5. Specific Contextual Studies A number of contextual studies are to be undertaken in 2013 that will provide important information into the interpretation of soil carbon measurement through the life of the project.

Soil-landform analysis

A desktop analysis of soil and landform will provide general physical context of the trial paddocks as well as contribute to the testing of these paddocks as explicit survey strata. This work is being undertaken by Sunraysia Environmental and is due to be completed in the 1st Qtr of 2013.

Land-use history

For each trial paddock landuse history will be documented. This will be especially focussed on the last 20-30 years of activity because this period is expected to be a key determinant on soil carbon levels. This information will assist in the understanding of the baseline soil carbon base levels undertaken in October 2012. This task is being undertaken by Kilter Rural with an initial version to be released in the 2nd Qtr of 2013. It is anticipated that this document will be refined over time as more knowledge incidentally comes to light.

Biomass production and vegetation health

Accrual of soil carbon is influenced by biomass production in the landscape. There is the opportunity in this project as part of its sustainable cell grazing operation to understand biomass production through a knowledge of stocking patterns and carrying capacity. The project will track stocking patterns (numbers of sheep over numbers of days in paddock), that while not necessarily highly correlated with biomass and groundcover, does nevertheless provide an indicator of production in a well managed grazing operation. This information will be augmented by the anecdotal observations of the project grazier on trial paddock performance.

During the project more sophisticated measures of groundcover and vegetation health will be established. For instance the project will have access to existing work being undertaken by Kilter Rural including a series of periodically monitored 30m vegetation health transects across the FFL landscape. Several of these are located on or nearby trial paddocks.

In addition Kilter Rural will work on implementing a rapid reconnaissance method of vegetation health that is applied to each trial paddock on a periodical (nominally annual) basis from Year 2. The design of such will consider elements of the Landscape Functional Analysis (LFA) approach of CSIRO (http://www.csiro.au/Organisation-Structure/Divisions/Ecosystem-Sciences/EcosystemFunctionAnalysis.aspx#a1)

Kilter Rural will produce a methods report on the above to be finalised in the 3rd Qtr of 2013, with initial actions to be implemented not later than the 4th Qtr 2013.


Grazing emissions

An important element of the project is to understand grazing traffic across the trial paddocks. This is not just to develop an understanding of sustainable grazing thresholds, but also to assess the carbon impacts of restocking (ie. methane emissions from ruminants) on net carbon sequestration. This information is important in the case that CFI carbon credits are to be generated from the type of land use change being examined by this project. The project grazier will provide trial paddock stocking records that will underpin this analysis through the life of the project.

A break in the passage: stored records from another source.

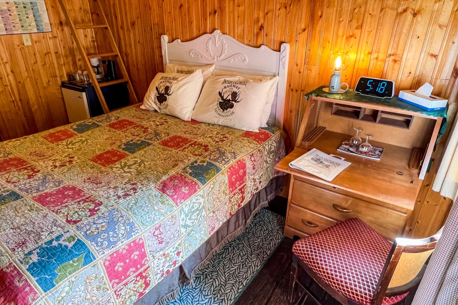 At the front of the car was the bedroom with a comfortable queen-size bed, a dresser and another conductor's chair mounted in the corner. This chair wound up being more decorative than functional, as we never really used it during our stay. However, it was a fun reminder that we were (in fact) sleeping in a train car that used to traverse the country for the Canadian National Railway.
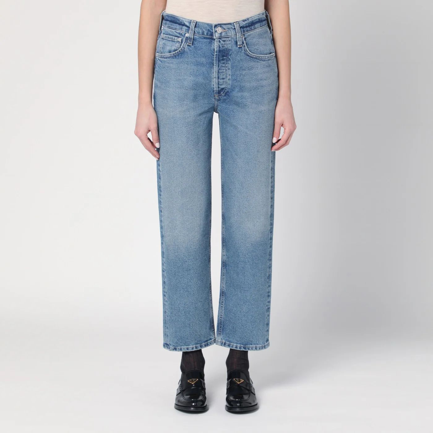 Citizens of Humanity jeans in light blue cotton denim with a faded effect characterized by a front closure with zip and button high waist with belt loops five classic pockets a back logo patch and a small logo tag.
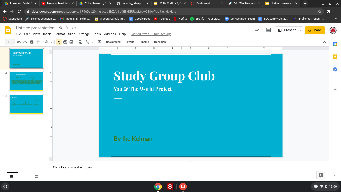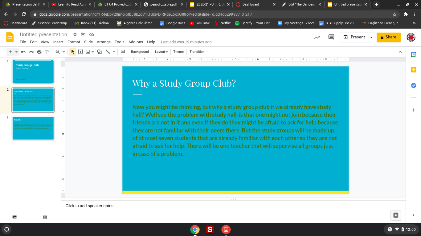In my latest slate post I talked about the threats that come from homework and how to manage it, but most recently I’ve been trying to start up study groups to help manage people’s stress. These study groups will be in groups of seven students that are already familiar with each other so they are not afraid to ask for help which has been a problem in the past. So this will help encourage students to ask for assistance as this is one good way to eliminate stress. It will also help with time management which is also another tool to fight stress, especially if it’s long term. As you will need to meet once, maybe even two times a week for an hour to study for a test or help one of your peers with their homework. I chose to do my You & The World Project on the stress of homework because it’s something I have experienced in the past, as of many others as well. It’s also a really untalked about subject it’s often overshadowed by many other serious problems. Probably because most don’t know the dangers of it, as I myself didn’t know what it could do until I did research on it. It can cause various mental health problems like, anxiety, and depppresion. It’s one of the silent killers, so I brought more attention to it and came up with a way to combat it, the study group. Which has seemed to work so far for me, as I have studied with my friends to help test it, and was proven successful. I will likely pitch my idea to the princable, hoping to form this club. I will be have using a google slide show to help sponsor idea. I feel like this project has a lot of value that just hasn’t been uncovered yet, as it can benefit many people, not just myself and the students. But the teachers and the families of stressed young ones, as it can bring down many people. I wish for this to be in person as it would be much easier to orchestrate, as of right now I’m online and it is hard to start a club that it primarily done face to face. I hope this club will last once I have graduated from high school so it can help future students, benefiting all and I hope this will inspire other students to bring awareness to this subject and hopefully it can get talked about at other schools as well as community centers. This will be one way to help defeat not just anxiety but stress as a whole.
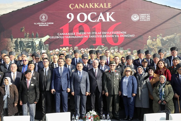 9 Ocak'ın bir zafer günü olduğunu söyleyen Çanakkale Savaşları Gelibolu Tarihi Alan Başkanı İsmail Kaşdemir, "Hepimize kutlu olsun. Zaferleri ve mazisi insanlık tarihiyle başlayan kahraman Türk ordusu, Çanakkale'de sayfalarını bir kez daha altın harflere doldurmuştur. Bu topraklarda 19 Şubat'ta başlayan o haksız ve hukuksuz saldırı, Mehmetçiğin iman dolu göğsüne çarpmış ve bugün tören yaptığımız bu topraklarda son düşman çizmesi de bu mübarek ve müstesna topraklardan ayrılmıştır. Bir kez daha bu toprakları vatan yapanları, Çanakkale'yi geçilmez yapanları, bu topraklarda yedi düvele karşı meydan okuyanları rahmetle, minnetle, şükranla yad ediyoruz ve her zaman onların torunları olarak, onların ruhuna sahip çıkmış evlatları olarak onları asla unutmayacağız ve unutturmayacağız. Çanakkale'de başlayan o meşalenin yakıldığı bu topraklarda Kurtuluş Savaşı'na giden yolun ve cumhuriyetimizin zorluklarını, fedakarlıklarını nasıl unuturuz? İşte bizler, bugün burada toplanarak onların hatıraları sahip çıkıyor ve onların ruhlarının, onların şuurlarının, onların bu dünyaya bakışlarının asla unutulmayacağını bir kez daha bu topraklardan ilan ediyoruz. Biz de Tarihi Alan Başkanlığı olarak o büyük insanların, o yüksek karakterli insanların hatıralarının olduğu, ayak izlerinin olduğu bu müstesna mekanlara, bu tarihi, gazi mekanlara gözümüz gibi bakıyoruz" dedi.
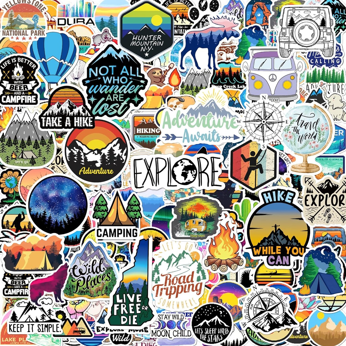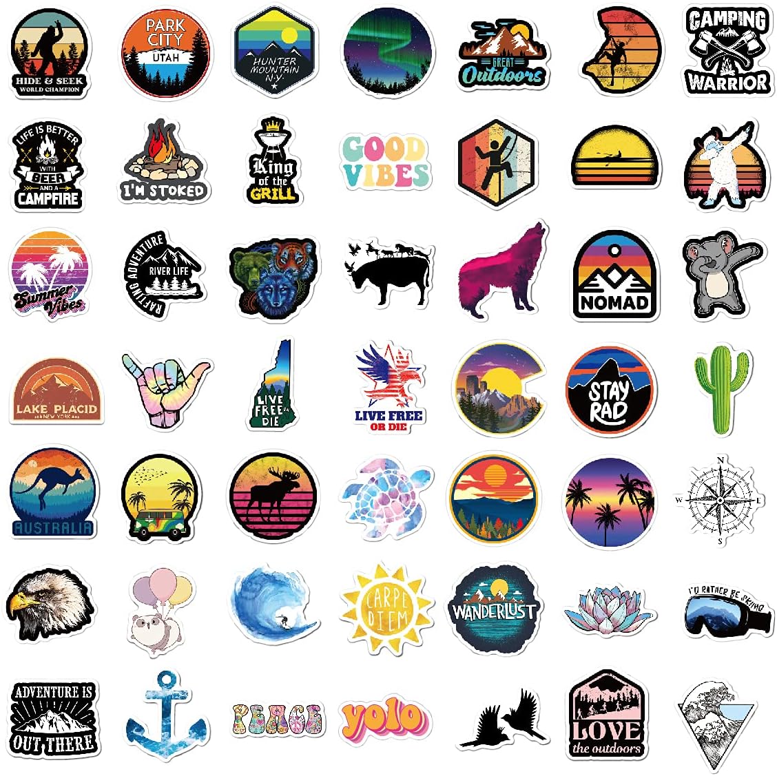 200PCS Camping Stickers - Water Bottles, Outdoor Adventure
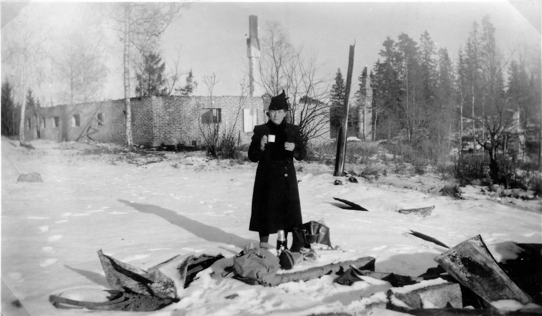 Mäkelän tilan päärakennuksen rauniot kevättalvella 1942 kun päästiin takaisin kotiseudulle. Hanhijoen Mäkelä 1942 (Ilmari Piironen)

6. Monitoring and Data Collection Activities

Table 6.1: Summary of project monitoring and data collection activities

Practice to be trialled The are four key landuse change scenarios that are the basis of this project, including: • Flood irrigation to ‘passively restored’ cell grazing (paddock recovered through rest, PPA control) • Flood irrigation to ‘actively restored’ grazing (ie. direct seeding activity took place 2+ yrs ago) • Flood irrigation to ‘passively restored’ protected biodiversity (has recovered through rest, stock

exclusion) • Flood irrigation to ‘actively restored’ protected biodiversity (ie. direct seeding activity took place 2+ yrs

ago)

Data to be collected For replicates in each landuse change scenario (up to 3 replicates depending upon the scenario) the following data is collected:

• Soil cores, analysed for Organic Soil Carbon in at least two full sampling events (in 1st and 3rd year of project)

• Additional Cores for Bulk Density determination collected during initial (baseline) sampling event.

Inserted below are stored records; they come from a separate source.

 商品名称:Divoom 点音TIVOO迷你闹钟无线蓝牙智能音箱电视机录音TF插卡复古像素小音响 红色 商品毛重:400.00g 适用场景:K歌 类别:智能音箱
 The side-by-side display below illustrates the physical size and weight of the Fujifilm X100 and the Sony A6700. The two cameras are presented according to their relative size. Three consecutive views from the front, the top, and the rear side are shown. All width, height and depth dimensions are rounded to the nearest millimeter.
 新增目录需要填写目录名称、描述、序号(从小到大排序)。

• Bulked soil cores for basic soil analytes including: texture, pH, EC, nitrate, avail.P, std. metals in the baseline sampling event. These samples bulked to each replicate.

• Twice-annual photopoints to capture visual vegetation change in each trial paddock

• Periodical (nominally annual) rapid reconnaissance vegetation health assessment (informed by LFA) for all trial paddocks from Yr2

• Detailed vegetation health assessment along select 30m monitoring transects for species diversity and plant density (annual monitoring already undertaken by Kilter)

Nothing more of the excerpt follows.